● **Work order**: Identify every line in the records below that contains the word "utilizes", and reproduce each one.

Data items
* * * *

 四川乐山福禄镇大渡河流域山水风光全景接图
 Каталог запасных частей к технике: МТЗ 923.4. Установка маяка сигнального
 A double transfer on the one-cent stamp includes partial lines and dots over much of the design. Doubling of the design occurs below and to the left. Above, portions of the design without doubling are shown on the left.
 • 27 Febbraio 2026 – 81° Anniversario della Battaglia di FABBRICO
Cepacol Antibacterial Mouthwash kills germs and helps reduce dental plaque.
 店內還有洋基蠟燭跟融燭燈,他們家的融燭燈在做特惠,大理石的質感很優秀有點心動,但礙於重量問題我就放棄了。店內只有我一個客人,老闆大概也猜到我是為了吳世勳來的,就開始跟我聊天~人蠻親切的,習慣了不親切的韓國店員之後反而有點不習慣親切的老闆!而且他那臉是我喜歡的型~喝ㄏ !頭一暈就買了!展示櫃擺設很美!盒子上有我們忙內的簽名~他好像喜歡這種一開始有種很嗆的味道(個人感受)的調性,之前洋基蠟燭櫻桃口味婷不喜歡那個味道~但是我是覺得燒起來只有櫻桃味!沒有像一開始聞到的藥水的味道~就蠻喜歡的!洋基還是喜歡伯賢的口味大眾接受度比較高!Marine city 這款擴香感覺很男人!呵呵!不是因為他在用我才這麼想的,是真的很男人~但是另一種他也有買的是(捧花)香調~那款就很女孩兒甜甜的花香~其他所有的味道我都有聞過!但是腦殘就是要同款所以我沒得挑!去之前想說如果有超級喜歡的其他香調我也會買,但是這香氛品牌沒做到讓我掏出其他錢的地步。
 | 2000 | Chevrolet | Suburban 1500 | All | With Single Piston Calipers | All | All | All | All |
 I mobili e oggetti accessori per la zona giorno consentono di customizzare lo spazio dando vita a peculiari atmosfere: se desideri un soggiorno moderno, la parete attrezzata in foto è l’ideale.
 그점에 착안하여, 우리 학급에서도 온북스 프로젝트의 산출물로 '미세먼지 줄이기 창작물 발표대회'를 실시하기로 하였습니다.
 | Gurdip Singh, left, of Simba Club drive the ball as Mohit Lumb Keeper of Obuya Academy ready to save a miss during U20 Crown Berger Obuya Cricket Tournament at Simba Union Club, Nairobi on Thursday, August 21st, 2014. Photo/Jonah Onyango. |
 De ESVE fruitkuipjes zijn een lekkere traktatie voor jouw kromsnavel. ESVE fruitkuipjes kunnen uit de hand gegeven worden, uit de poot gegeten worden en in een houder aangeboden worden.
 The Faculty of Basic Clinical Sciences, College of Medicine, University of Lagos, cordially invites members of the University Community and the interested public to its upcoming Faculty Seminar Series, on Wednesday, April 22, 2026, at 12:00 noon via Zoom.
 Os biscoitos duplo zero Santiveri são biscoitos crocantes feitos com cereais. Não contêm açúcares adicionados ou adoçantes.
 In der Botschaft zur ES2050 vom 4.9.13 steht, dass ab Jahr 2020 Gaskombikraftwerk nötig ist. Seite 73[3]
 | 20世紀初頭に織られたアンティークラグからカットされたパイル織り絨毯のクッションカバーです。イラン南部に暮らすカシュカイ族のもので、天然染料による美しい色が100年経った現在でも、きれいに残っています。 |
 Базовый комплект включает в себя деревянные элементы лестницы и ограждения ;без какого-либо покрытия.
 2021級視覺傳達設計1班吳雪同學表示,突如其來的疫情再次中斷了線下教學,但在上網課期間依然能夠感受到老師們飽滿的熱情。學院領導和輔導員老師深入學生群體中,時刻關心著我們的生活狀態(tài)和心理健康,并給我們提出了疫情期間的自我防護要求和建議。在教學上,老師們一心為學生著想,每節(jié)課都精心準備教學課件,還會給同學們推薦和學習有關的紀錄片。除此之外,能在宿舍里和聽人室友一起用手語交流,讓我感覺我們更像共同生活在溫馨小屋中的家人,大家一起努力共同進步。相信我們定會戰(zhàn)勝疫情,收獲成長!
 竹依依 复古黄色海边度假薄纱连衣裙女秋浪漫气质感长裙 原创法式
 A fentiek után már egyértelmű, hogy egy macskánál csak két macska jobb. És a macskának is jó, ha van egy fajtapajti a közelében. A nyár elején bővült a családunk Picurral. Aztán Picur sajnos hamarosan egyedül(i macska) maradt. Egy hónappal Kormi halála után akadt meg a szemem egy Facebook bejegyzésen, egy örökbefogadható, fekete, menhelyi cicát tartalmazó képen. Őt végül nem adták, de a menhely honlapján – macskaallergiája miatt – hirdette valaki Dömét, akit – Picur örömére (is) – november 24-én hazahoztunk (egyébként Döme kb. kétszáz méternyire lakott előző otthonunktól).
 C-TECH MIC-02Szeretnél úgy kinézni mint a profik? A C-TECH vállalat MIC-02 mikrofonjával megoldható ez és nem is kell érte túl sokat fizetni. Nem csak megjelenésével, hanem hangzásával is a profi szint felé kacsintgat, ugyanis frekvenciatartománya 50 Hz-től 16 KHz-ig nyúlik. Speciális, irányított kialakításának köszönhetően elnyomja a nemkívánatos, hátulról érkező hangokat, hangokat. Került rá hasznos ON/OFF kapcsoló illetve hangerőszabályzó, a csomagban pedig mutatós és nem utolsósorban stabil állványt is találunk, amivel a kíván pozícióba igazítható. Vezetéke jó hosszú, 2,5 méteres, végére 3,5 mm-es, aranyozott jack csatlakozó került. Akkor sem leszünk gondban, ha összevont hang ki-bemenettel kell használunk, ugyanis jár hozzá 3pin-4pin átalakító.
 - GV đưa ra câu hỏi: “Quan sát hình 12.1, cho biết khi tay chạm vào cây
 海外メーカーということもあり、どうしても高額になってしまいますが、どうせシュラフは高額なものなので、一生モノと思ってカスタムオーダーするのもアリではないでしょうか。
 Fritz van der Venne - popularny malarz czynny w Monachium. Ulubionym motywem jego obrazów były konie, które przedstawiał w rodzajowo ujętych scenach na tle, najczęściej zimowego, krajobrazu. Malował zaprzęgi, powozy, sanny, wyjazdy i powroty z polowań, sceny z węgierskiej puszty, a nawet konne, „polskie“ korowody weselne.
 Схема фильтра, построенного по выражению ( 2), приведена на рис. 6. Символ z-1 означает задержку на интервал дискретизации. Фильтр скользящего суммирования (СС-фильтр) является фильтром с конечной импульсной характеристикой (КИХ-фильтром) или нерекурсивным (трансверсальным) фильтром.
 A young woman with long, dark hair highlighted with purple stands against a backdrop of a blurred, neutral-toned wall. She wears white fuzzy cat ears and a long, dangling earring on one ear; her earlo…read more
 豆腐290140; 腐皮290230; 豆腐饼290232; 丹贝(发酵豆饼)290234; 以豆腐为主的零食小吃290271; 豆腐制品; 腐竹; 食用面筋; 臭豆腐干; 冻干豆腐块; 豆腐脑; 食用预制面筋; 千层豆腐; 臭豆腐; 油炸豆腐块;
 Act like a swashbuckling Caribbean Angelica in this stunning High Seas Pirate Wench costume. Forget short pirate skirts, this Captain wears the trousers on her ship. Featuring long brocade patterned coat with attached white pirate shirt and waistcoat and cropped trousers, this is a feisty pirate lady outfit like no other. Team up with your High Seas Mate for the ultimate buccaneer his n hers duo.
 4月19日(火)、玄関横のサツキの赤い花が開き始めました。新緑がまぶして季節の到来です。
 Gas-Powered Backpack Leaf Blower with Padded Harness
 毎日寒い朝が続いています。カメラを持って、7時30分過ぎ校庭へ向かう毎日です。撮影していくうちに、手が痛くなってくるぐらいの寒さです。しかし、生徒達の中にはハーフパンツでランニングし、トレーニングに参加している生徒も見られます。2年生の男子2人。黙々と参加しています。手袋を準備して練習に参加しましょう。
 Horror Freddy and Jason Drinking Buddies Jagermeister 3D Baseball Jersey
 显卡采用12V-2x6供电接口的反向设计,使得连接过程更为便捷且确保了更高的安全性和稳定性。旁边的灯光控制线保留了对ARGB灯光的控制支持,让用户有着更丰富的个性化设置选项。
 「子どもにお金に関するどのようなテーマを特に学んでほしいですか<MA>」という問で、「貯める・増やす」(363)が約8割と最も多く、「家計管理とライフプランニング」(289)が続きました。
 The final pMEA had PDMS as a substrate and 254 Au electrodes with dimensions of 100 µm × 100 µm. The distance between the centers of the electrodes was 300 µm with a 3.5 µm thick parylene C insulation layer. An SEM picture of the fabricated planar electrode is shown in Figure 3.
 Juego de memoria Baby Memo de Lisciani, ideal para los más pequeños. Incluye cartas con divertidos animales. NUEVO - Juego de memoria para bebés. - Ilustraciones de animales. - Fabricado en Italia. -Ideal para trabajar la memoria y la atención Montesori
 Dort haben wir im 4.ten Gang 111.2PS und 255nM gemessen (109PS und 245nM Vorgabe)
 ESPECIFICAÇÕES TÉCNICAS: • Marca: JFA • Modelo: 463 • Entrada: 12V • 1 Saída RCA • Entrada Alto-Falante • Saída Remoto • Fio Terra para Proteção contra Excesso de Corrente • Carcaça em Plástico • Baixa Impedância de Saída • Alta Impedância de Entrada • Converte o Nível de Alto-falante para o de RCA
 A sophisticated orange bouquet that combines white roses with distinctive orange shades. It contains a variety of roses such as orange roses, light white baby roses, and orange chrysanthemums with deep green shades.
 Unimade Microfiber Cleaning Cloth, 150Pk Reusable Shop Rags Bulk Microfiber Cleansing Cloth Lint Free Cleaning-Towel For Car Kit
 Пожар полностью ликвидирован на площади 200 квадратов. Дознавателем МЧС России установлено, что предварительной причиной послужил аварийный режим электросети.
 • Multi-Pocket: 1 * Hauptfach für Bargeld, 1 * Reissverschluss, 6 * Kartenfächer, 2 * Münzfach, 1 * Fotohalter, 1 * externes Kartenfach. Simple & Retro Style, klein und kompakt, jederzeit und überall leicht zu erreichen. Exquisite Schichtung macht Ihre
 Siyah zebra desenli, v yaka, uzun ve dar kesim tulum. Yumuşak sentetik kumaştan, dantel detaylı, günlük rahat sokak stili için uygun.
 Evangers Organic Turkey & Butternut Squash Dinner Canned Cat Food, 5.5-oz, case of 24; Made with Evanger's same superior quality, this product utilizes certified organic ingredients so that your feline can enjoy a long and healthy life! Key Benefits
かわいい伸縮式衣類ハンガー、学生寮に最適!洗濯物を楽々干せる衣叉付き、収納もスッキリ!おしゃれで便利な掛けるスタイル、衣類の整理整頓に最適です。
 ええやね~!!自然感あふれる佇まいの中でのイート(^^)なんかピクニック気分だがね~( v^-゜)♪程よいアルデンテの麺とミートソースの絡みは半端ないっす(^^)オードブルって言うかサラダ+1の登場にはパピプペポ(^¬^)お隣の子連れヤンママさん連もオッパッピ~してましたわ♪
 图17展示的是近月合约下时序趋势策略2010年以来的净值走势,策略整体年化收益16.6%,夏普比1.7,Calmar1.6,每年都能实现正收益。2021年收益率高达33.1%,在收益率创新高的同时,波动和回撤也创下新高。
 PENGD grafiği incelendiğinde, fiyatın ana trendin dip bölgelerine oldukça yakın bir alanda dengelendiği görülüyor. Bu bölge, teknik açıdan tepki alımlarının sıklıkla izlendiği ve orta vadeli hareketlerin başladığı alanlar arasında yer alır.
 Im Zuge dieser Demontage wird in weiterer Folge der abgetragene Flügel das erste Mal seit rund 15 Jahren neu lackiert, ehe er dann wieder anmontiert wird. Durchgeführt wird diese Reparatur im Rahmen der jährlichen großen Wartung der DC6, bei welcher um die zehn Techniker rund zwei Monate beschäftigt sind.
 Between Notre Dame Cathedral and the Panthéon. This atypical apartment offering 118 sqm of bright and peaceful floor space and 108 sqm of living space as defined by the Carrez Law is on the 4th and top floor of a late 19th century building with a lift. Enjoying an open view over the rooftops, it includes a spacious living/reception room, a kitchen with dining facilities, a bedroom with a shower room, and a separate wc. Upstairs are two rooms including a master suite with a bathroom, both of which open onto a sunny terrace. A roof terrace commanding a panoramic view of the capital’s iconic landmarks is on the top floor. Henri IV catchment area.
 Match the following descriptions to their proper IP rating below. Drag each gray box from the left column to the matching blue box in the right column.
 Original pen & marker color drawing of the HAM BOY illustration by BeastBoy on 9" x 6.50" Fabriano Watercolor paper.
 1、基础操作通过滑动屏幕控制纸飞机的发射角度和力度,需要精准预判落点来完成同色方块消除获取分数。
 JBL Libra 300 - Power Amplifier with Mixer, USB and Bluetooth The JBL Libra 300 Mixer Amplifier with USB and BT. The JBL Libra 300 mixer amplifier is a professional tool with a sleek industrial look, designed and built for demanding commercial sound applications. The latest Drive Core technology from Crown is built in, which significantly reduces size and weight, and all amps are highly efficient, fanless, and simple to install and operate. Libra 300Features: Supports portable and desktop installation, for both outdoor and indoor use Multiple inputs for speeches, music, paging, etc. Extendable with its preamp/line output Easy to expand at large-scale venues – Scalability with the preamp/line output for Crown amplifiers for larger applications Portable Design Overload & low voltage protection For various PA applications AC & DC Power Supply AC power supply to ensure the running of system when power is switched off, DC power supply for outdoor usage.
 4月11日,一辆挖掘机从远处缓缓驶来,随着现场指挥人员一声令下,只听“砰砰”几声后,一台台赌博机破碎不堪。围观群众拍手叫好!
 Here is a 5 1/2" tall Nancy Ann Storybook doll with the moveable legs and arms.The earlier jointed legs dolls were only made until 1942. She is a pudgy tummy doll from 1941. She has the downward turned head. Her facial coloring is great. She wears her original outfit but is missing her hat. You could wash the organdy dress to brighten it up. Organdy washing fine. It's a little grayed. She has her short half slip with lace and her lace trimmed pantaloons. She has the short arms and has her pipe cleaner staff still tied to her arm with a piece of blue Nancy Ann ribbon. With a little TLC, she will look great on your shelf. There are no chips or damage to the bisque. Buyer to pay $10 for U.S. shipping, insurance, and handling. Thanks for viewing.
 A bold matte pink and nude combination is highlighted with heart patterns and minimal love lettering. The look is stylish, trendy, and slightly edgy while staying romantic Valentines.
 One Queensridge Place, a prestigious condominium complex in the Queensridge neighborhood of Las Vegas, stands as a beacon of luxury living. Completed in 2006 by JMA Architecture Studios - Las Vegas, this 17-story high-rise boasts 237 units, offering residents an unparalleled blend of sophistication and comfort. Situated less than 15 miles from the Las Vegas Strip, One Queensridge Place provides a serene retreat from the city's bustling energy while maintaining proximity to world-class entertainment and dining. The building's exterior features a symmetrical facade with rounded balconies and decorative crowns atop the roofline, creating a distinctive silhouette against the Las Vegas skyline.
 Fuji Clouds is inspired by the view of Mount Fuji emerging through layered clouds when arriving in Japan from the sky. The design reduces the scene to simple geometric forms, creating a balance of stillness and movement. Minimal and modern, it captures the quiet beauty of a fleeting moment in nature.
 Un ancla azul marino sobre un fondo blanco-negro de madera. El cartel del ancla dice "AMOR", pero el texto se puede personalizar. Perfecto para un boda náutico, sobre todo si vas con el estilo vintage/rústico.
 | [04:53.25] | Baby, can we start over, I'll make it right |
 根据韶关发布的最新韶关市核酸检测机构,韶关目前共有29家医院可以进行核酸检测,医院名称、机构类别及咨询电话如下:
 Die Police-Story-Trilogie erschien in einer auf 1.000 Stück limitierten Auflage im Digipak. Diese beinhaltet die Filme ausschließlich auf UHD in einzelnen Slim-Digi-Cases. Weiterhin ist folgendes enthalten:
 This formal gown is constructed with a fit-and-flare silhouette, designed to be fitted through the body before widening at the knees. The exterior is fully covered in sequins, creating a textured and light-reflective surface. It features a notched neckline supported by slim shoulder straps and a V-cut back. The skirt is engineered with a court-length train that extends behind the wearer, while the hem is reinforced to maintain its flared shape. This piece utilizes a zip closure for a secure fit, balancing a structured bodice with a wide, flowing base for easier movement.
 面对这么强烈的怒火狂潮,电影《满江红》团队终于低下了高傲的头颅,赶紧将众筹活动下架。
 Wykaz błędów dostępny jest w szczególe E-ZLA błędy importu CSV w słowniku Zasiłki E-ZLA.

* * * *

● **Result**:
 Evangers Organic Turkey & Butternut Squash Dinner Canned Cat Food, 5.5-oz, case of 24; Made with Evanger's same superior quality, this product utilizes certified organic ingredients so that your feline can enjoy a long and healthy life! Key Benefits
 This formal gown is constructed with a fit-and-flare silhouette, designed to be fitted through the body before widening at the knees. The exterior is fully covered in sequins, creating a textured and light-reflective surface. It features a notched neckline supported by slim shoulder straps and a V-cut back. The skirt is engineered with a court-length train that extends behind the wearer, while the hem is reinforced to maintain its flared shape. This piece utilizes a zip closure for a secure fit, balancing a structured bodice with a wide, flowing base for easier movement.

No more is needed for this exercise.